Mob Tales: Lives Under Prohibition
By Joanna Scutts
Steve Buscemi as Nucky Thompson with Paz de la Huerta as Lucy Danziger; photo: HBO
In an era when corruption was universal, lives were cheap, and everyone -- from politicians to prostitutes -- was getting stumbling-drunk on contraband cocktails, it took a lot for your story to stand out. As the third season of Boardwalk Empire kicks off on HBO, we’ve selected some of the juiciest real life stories behind the television exploits of Nucky Thompson and crew. Read on for tales of the gamblers, grandstanders, and gangsters who shaped the United States under Prohibition.
The book behind the HBO series, “Boardwalk Empire: The Birth, High Times, and Corruption of Atlantic City” tells the story of the city’s rise from sleepy resort to gangster’s paradise. Utterly dependent on the pleasure-seeker’s dollar, Atlantic City’s success -- at any cost -- was everyone’s business, and nobody tolerated naysayers and critics. Author Nelson Johnson previously served as the attorney for the Atlantic City Planning Board and therefore brings a tantalizing insider’s perspective to the deals and dodges that birthed the modern city. The book traces the career of Enoch “Nucky” Johnson, the inspiration for Steve Buscemi’s Boardwalk Empire character, who ran the local Republican political machine, and whose flamboyant, ruthless personality drove the transformation of his city. For fans of the show, the HBO tie-in edition includes behind-the-scenes production photos, and a foreword by executive producer Terence Winter.
Nucky Johnson was far from the only public figure exploiting the turbulent twenties for his own wealth and glory. Arnold Rothstein is mainly remembered today as the man who fixed the 1919 World Series: an event that shows up in popular culture from “The Great Gatsby” to The Godfather Part II as a symbol of America’s loss of innocence.
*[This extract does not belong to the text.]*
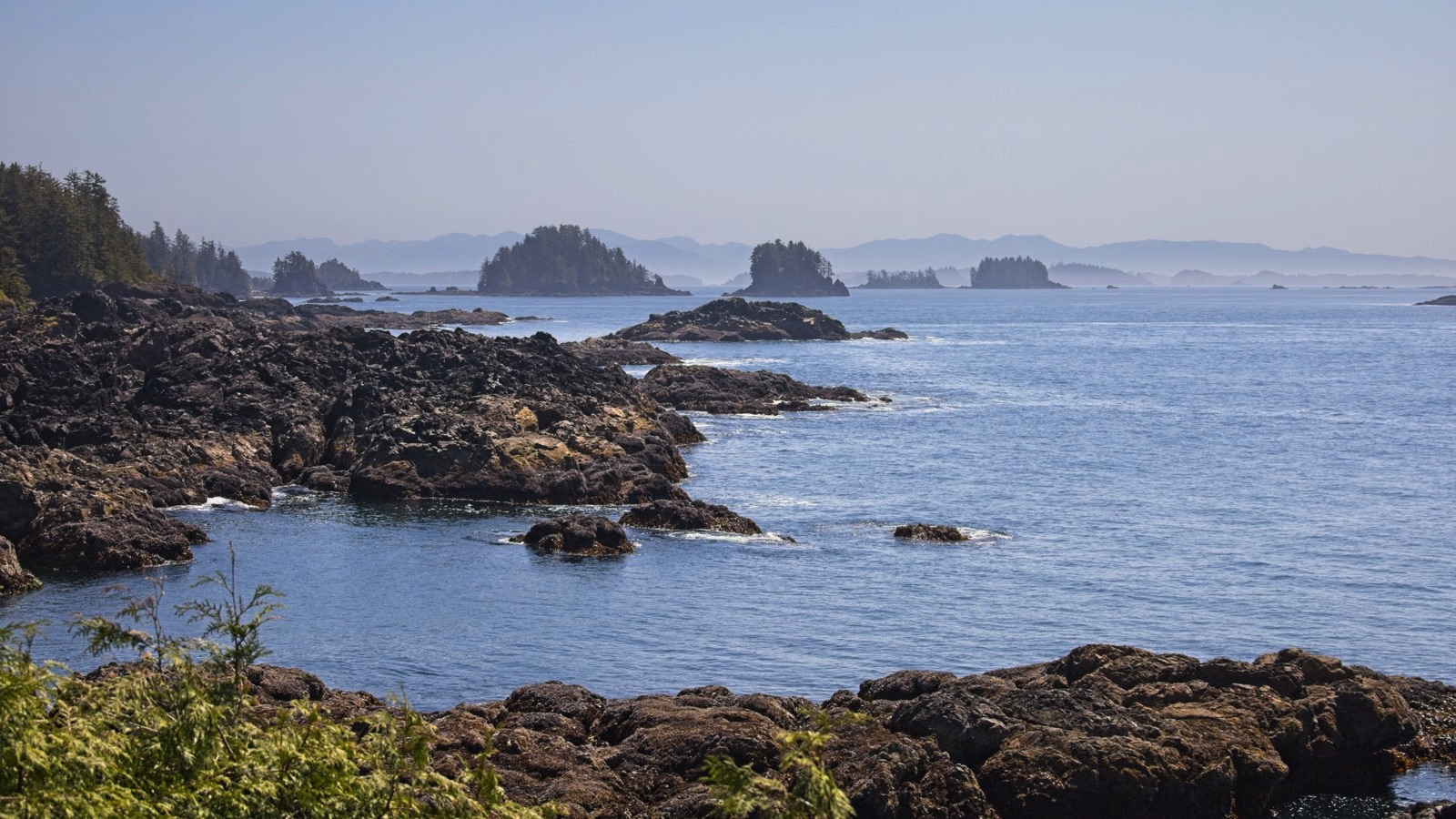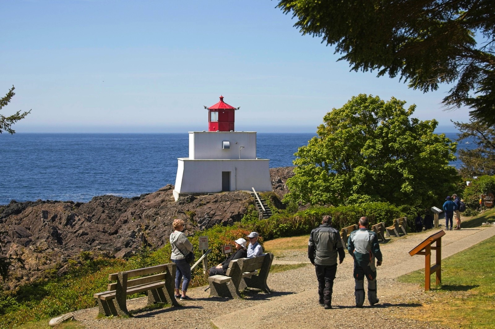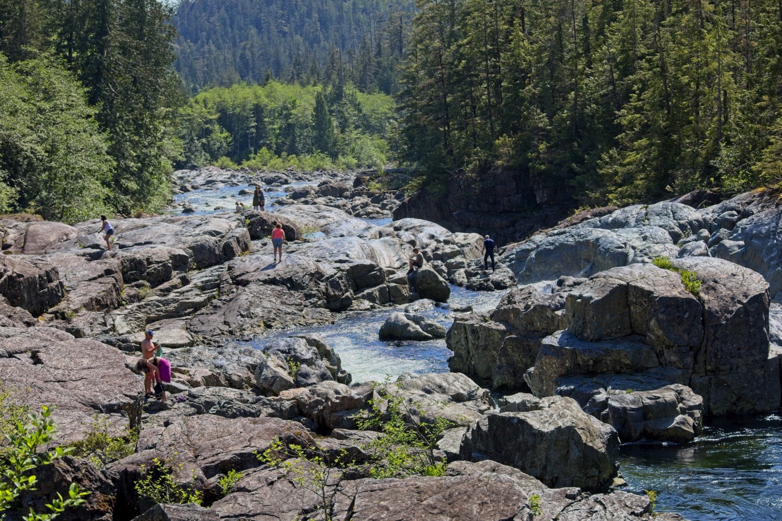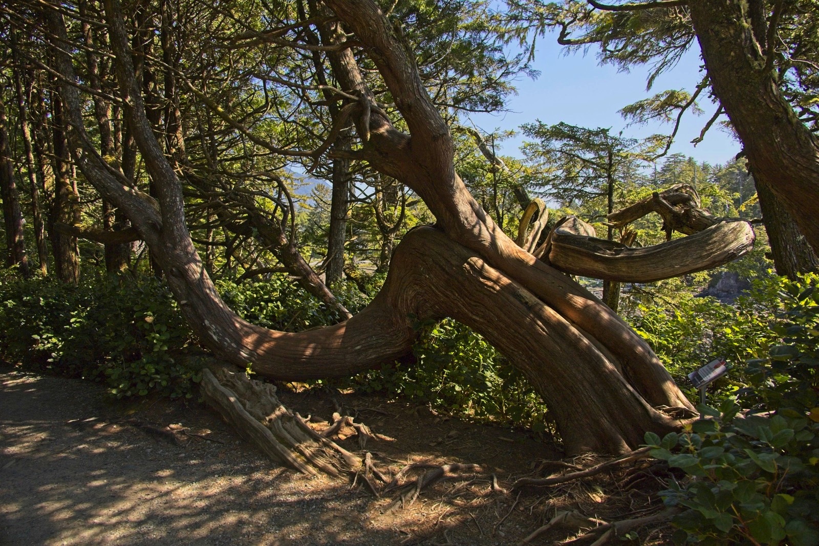 It was time to enjoy a glimpse of the Pacific Rim on Vancouver Island’s western shore with the next landfall being in the Kuril Islands just north of Japan. It is a rugged coast as you can see above, around Amphritite point and it's little lighthouse, but is also blessed with impressive beaches, such as Wickaninnish and Long Beach with the latter being busier with some surfers and picnickers. At the top of this peninsula is the small town of Tofino, a tourist mecca and, although not busy, it was doing pretty well. A good place to find a nice place for a snack lunch as I did. Seaplanes also seemed popular. I’ve added a few more pictures from Amphritite point where the well maintained loop trail was popular with plenty of opportunities to enjoy the coastal scenery and some crooked trees and beautiful plants. A nice way to spend an hour on a temperate day in the sunshine. At Wickaninnish beach there was a gentle mist blowing in of the ocean creating an odd softness close to the ground while at Long Beach the mist had somewhat subsided as the sea had become more active attracting some surfers. These beaches are in the Pacific Rim National Park and a ranger was patrolling Long Beach on an e-bike. An odd sight on a beach. Both beaches are very wide and only gently shelving but most people set up camp in amongst the driftwood. At Tofino there was a bit of coming and going of float planes which were offering sightseeing tours although with only a few takers. Tofino is a bit twee with themed inns, cafés, shops and the like as is typical of a summer resort. On the pier by the DHC Beaver float plane someone had left an unfinished can of drink. A crow spotted it and I watched it knock it over and take a drink. I think it was beer! The road to and from Tofino from Port Alberni is impressive, winding its way between mountains along rivers and lakes but, as is often the case, there are almost no places to stop at the most interesting places such as lake shores as they are covered in private houses preventing good viewpoints. I have included a grab from my in-car time-lapse camera which gives a flavour of what is seen through the windscreen. There are a couple of places to stop at Kennedy Lake and on the Kennedy River in the Provincial Park so I’ll finish today with snaps from there.

Yet in his biography of Rothstein, David Pietrusza shows that fixing baseball games was just the beginning of a breathtaking career of swindling, racketeering, smuggling, and violence, which turned the man known as “The Big Bankroll” into one of New York’s most influential and notorious characters, right up until his mysterious murder in a Times Square hotel room in 1928.
Rothstein’s protégé Salvatore Lucania, better known as Lucky Luciano, is the subject of Tim Newark’s biography “Boardwalk Gangster” -- a fascinating account that delves into government archives to tell the story of Luciano’s extraordinary life. Rising to power on the back of Rothstein’s demise, Luciano established “The Commission” to oversee the American Mafia, was convicted and imprisoned on charges of abetting prostitution, only to be released by the government during World War II, which needed his help to monitor the Mafia-controlled New York waterfront and prevent the landing of German and Italian spies. He was deported from America after the war, but continued to control his criminal syndicate from Italy, despite close police surveillance for the rest of his life.
Less well known gangsters, whose life stories nevertheless illuminate their time, can be found in Mike Dash’s “The First Family: Terror, Extortion, Revenge, Murder and The Birth of the American Mafia,” which traces the origins of American organized crime to the back streets of Sicily in the 1890s. The story of Giuseppe Morello, a one-fingered mastermind whose lethal reign ushered in the era of the Five Families, is a gripping, violent tale given weight by the author’s extensive research into government archives, prison records, and interviews with Morello’s surviving family members and associates.
“The Bobbed-Haired Bandit” was the tabloid nickname for the daredevil thief Celia Cooney, whose spectacular criminal career made her a celebrity and a symbol of the lawlessness of Prohibition-era New York. In their biography of Cooney, Stephen Duncombe and Andrew Mattson bring to life the woman whose life was labeled by William Randolph Hearst as “the strangest, weirdest, most dramatic, most tragic human interest story ever told.”
Of course, no collection of mobster lives could leave out Al Capone. In “Capone: The Man and the Era,” Laurence Bergreen delves into the paradoxes of the archetypal crime boss, whose devotion to his family and self-perception as a latter-day Robin Hood jarred with his cold-blooded embrace of violence in the pursuit of power. This biography richly evokes both the glamour and the grit of Capone’s era, and presents Capone as a symbol of the larger paradoxes of Prohibition.
Weaving together all these characters, from the most notorious to the nearly forgotten, Daniel Okrent’s kaleidoscopic “Last Call: The Rise and Fall of Prohibition” presents the history of the era as an American tragedy, a still baffling moment of spectacularly bad governmental judgment, which unleashed a wave of contradictory impulses and unintended consequences. Okrent served as creative consultant on Ken Burns’ 2011 documentary series Prohibition, and through his cast of characters -- among them Susan B. Anthony, H. L. Mencken, Meyer Lansky, rabble-rousing preacher Billy Sunday, and anti-booze battle axe Carrie Nation -- he sets out to unravel the mystery of Prohibition and answer his own driving question (and the working title for his book): “How the Hell did that Happen?”